Complainant alleged that she was discriminated against on the bases of
race (African-American) and retaliation (prior protected activity) when
the agency refused to assign her to the Loose-in-the-Mail (LIM) Unit.
The record reveals that during the relevant time, complainant was
employed as a Parcel Post Distribution Machine Clerk at the agency's
Seattle, Washington Bulk Mail Center. Believing she was a victim
of discrimination, complainant sought EEO counseling and subsequently
filed a formal complaint on August 14, 1997. At the conclusion of the
investigation, complainant was informed of her right to request a hearing
before an EEOC Administrative Judge or alternatively, to receive a final
decision by the agency. Complainant requested that the agency issue a
final decision. In its final decision, issued on November 6, 1998, the
agency concluded that complainant failed to establish discrimination on
the basis of her race or in retaliation for her prior protected activity.
From this decision complainant now appeals.
BACKGROUND
In 1994, the agency hired complainant to a rehabilitation position
identified as a Parcel Post Distribution Machine Clerk. Complainant, who
suffered from various impairments, did not work from May 25, 1996 until
August 21, 1996, when she complained that her duties caused her pain.
The record also indicates that complainant did not work from August 26,
1996 until May 1997. Meanwhile, on January 3, 1997, complainant requested
to fill a vacancy in the LIM unit. The agency responded on April 22, 1997,
denying complainant's request. On May 10, 1997, complainant returned
to her position with certain medical restrictions. On May 24, 1997,
the agency placed a Caucasian male, with no prior protected activity
(CW1), into a rehabilitation position in the LIM unit.
Complainant's second level supervisor (MDO) states that in November 1996,
an employee retired from a position in the LIM unit. MDO indicates that
he decided not to replace the retiring employee because the LIM unit
could meet his expectations with the remaining staff. MDO indicates
that complainant, therefore, was not selected to work in the LIM unit.

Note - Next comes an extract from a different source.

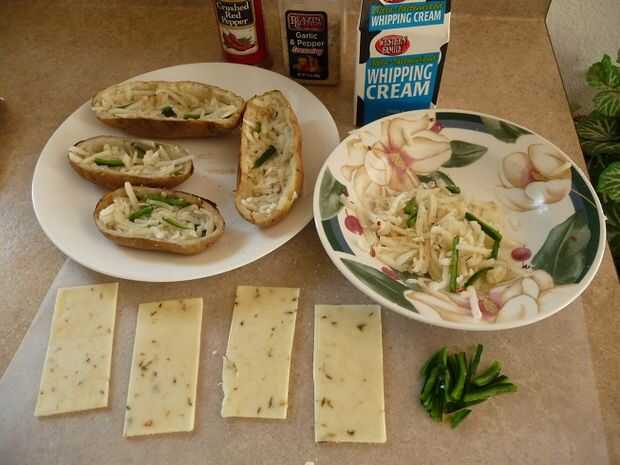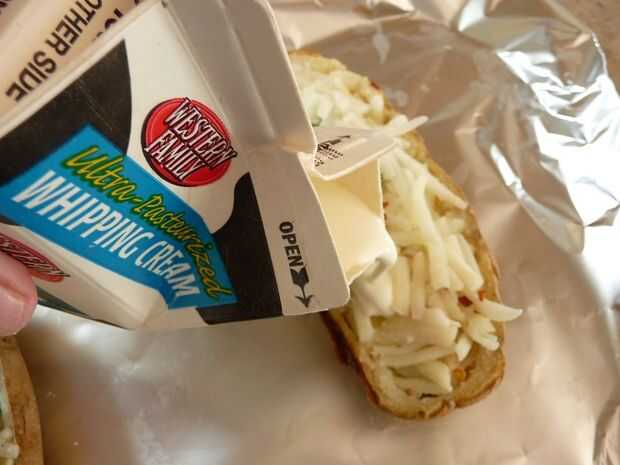 Lentamente vierta alguna crema sobre cada papa. Debe tomar 1-2 cucharadas cada una, dependiendo de su tamaño.

According to MDO, he thereafter reversed his decision when it became
clear that the LIM unit required additional staff. MDO selected CW1 to
fill the position. MDO indicates that he did not consider complainant
available for the position because she, by that time, was able to return
to her original assignment.
ANALYSIS AND FINDINGS
Complainant argued that her non-selection for the LIM unit was
based on her race and in retaliation for engaging in EEO activity.
We have considered complainant's arguments that she was retaliated
and/or discriminated against. These allegations constitute claims
of disparate treatment employment discrimination.<2> As such, they
must be analyzed under the tripartite analysis enunciated in McDonnell
Douglas Corp. v. Green, 411 U.S. 792 (1973), Loeb v. Textron Inc., 600
F.2d 1003 (1st Cir. 1979) 3 , Prewitt v. United States Postal Service,
662 F. 2d 292 (5th Cir. 1981), Hochstadt v. Worcester Foundation for
Experimental Biology, Inc., 425 F. Supp. 318,324 (D. Mass.), affirmed,
545 F.2d 222 (1st Cir. 1976) and Texas Department of Community Affairs
v. Burdine, 4.50 U.S. 248, 253 (1981). We will assume for purposes of
our analysis that complainant was able to establish prima facie cases of
discrimination and retaliation. Therefore, we will focus on whether the
agency's explanations for its actions were a pretext for discrimination
or retaliation. Burdine, 450 U.S. at 253.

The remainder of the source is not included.